▸ RECORDS PROVIDED
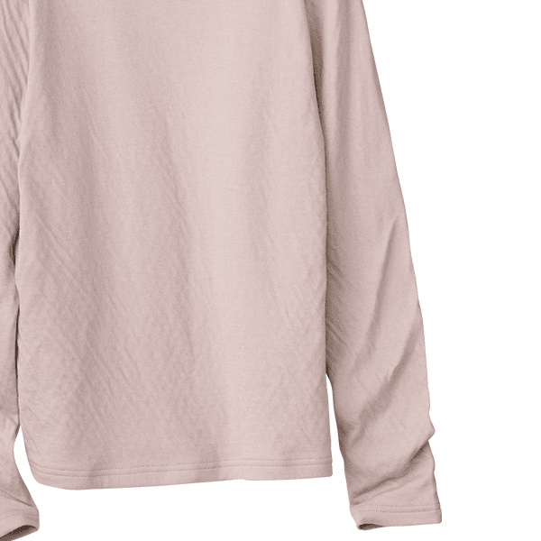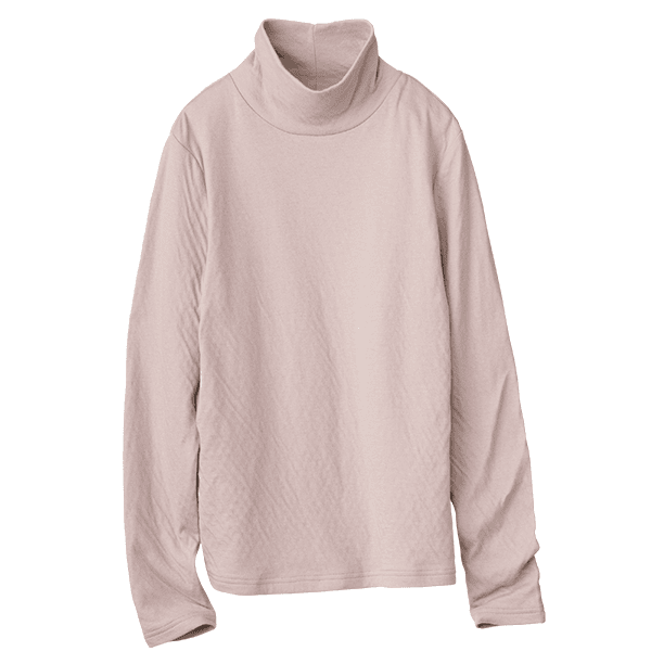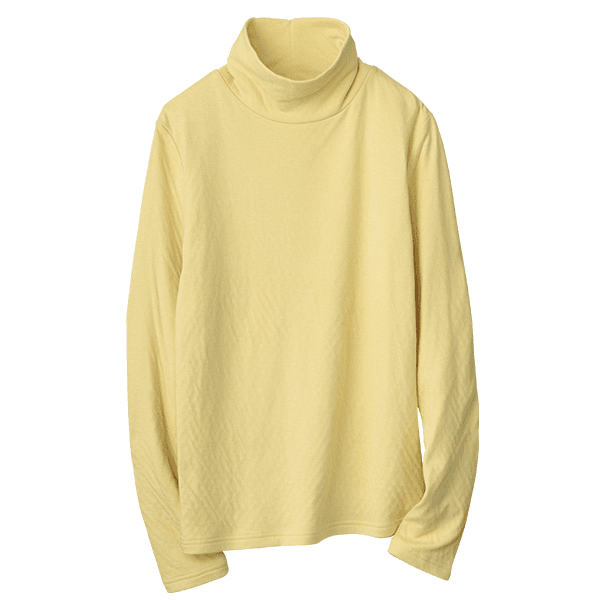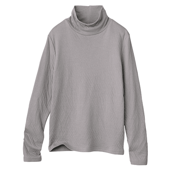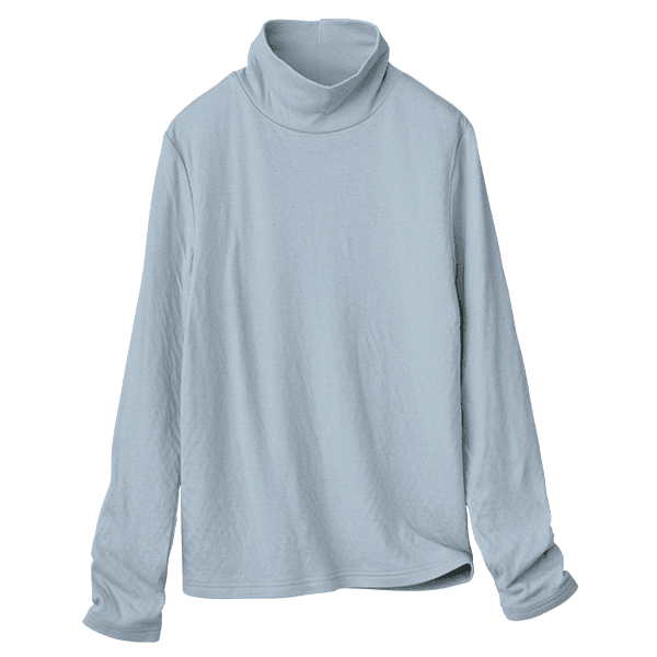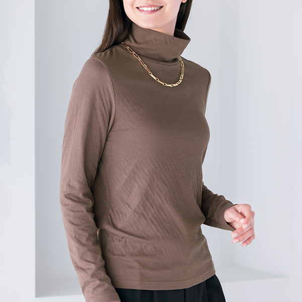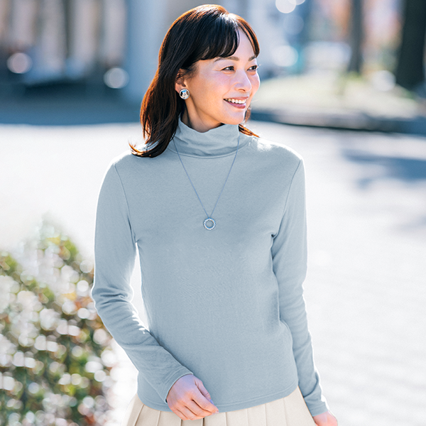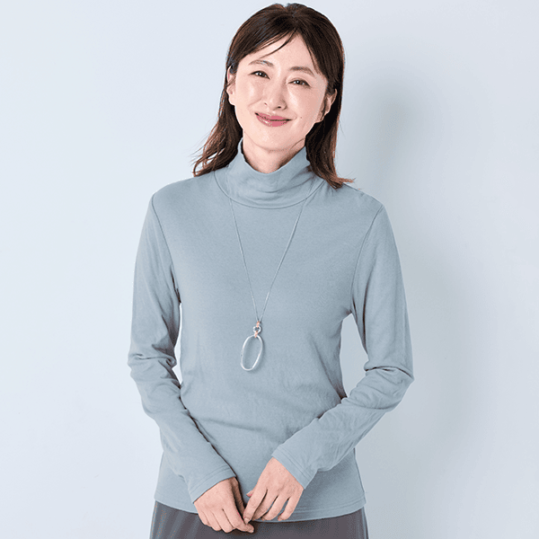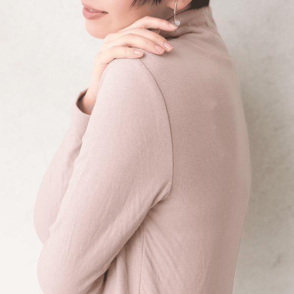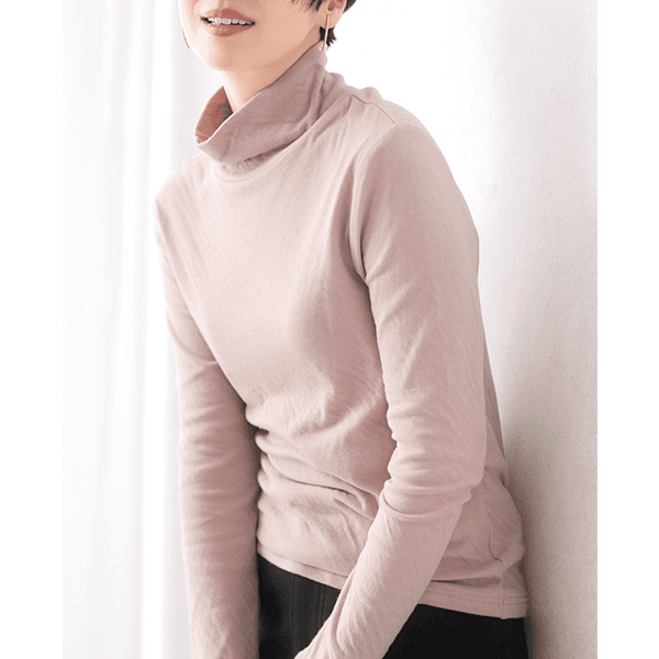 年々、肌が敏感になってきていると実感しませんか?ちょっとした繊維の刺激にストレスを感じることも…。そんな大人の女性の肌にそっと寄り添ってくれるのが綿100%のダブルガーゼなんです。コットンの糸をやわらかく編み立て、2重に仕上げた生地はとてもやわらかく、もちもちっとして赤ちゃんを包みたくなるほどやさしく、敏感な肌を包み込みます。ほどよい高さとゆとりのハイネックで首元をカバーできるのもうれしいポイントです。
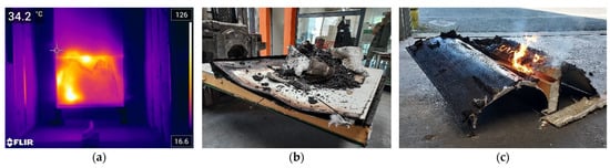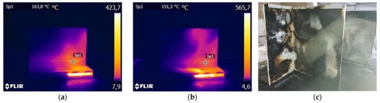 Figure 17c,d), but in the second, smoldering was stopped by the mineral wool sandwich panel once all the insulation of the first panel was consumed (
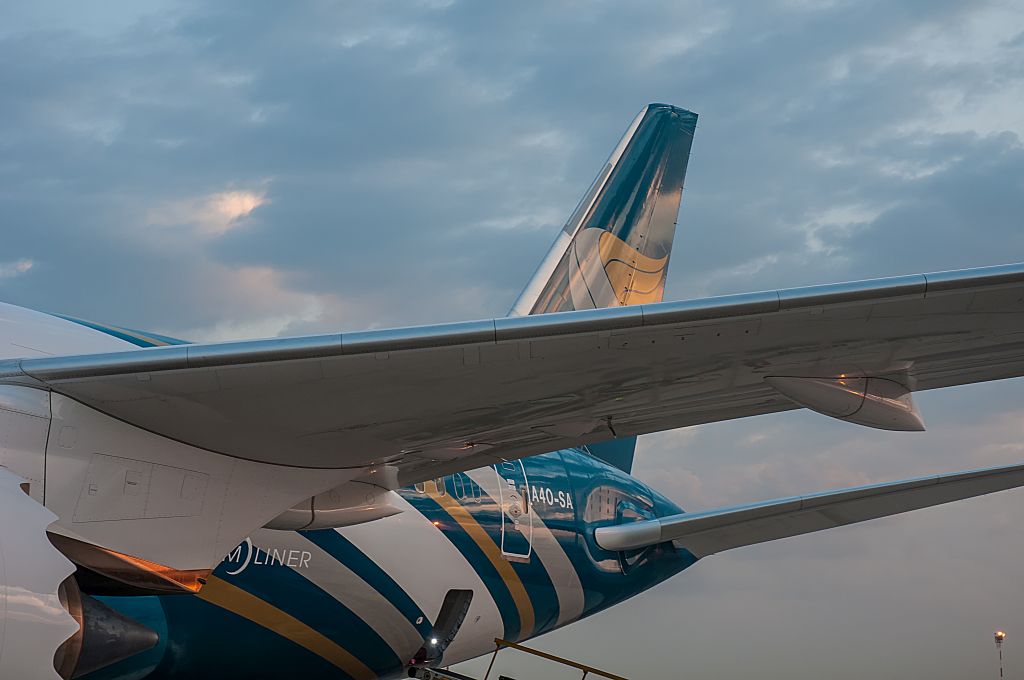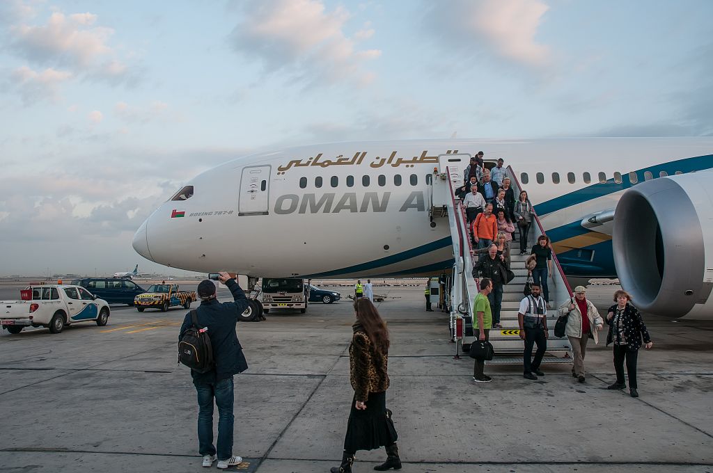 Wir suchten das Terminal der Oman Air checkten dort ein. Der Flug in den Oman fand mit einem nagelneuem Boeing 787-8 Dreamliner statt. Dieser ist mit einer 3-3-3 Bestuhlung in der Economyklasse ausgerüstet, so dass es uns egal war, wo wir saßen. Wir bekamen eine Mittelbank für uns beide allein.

...

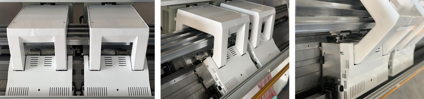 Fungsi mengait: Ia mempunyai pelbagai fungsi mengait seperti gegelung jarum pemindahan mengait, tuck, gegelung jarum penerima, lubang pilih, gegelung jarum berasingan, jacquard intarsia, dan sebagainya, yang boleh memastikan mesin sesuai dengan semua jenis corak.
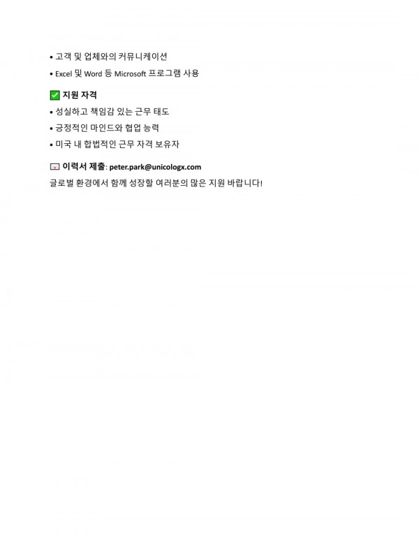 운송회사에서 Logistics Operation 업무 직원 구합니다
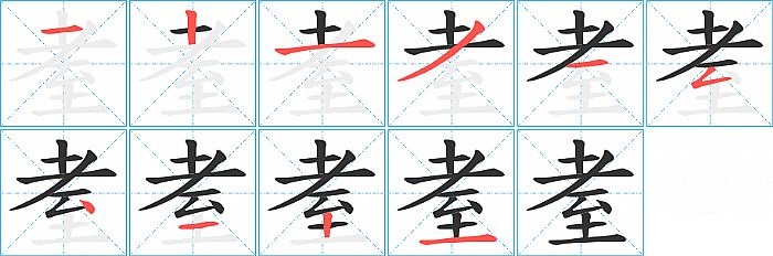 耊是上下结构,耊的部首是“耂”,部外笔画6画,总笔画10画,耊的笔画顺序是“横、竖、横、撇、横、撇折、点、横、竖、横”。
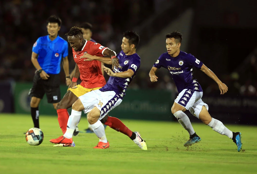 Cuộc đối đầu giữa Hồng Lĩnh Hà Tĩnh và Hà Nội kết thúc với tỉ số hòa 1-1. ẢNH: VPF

==

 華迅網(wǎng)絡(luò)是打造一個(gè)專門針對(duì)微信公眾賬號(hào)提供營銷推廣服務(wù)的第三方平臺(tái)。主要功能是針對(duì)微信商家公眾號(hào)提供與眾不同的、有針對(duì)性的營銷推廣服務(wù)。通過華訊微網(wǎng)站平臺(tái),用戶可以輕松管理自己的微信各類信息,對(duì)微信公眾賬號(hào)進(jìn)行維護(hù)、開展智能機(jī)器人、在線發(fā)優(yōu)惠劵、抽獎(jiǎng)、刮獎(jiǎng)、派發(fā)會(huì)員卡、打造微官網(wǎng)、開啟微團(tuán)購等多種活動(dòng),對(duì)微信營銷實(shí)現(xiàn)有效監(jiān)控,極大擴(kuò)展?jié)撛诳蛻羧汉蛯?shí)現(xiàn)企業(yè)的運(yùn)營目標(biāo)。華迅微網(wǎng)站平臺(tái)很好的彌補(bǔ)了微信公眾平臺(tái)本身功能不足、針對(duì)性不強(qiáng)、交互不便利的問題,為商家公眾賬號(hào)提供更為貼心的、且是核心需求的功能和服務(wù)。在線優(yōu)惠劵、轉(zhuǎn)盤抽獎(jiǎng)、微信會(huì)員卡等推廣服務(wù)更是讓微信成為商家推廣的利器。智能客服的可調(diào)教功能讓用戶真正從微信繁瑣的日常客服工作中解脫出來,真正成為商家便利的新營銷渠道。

▸ TASK
What to print is the stretch of entries from the line with "年々、肌が敏感になってきてい" up to and including the line with "Wir suchten das". Please print it exactly and leave out the pictures.

▸ ANSWER TO THIS EXERCISE
 年々、肌が敏感になってきていると実感しませんか?ちょっとした繊維の刺激にストレスを感じることも…。そんな大人の女性の肌にそっと寄り添ってくれるのが綿100%のダブルガーゼなんです。コットンの糸をやわらかく編み立て、2重に仕上げた生地はとてもやわらかく、もちもちっとして赤ちゃんを包みたくなるほどやさしく、敏感な肌を包み込みます。ほどよい高さとゆとりのハイネックで首元をカバーできるのもうれしいポイントです。
 Figure 17c,d), but in the second, smoldering was stopped by the mineral wool sandwich panel once all the insulation of the first panel was consumed (
 Wir suchten das Terminal der Oman Air checkten dort ein. Der Flug in den Oman fand mit einem nagelneuem Boeing 787-8 Dreamliner statt. Dieser ist mit einer 3-3-3 Bestuhlung in der Economyklasse ausgerüstet, so dass es uns egal war, wo wir saßen. Wir bekamen eine Mittelbank für uns beide allein.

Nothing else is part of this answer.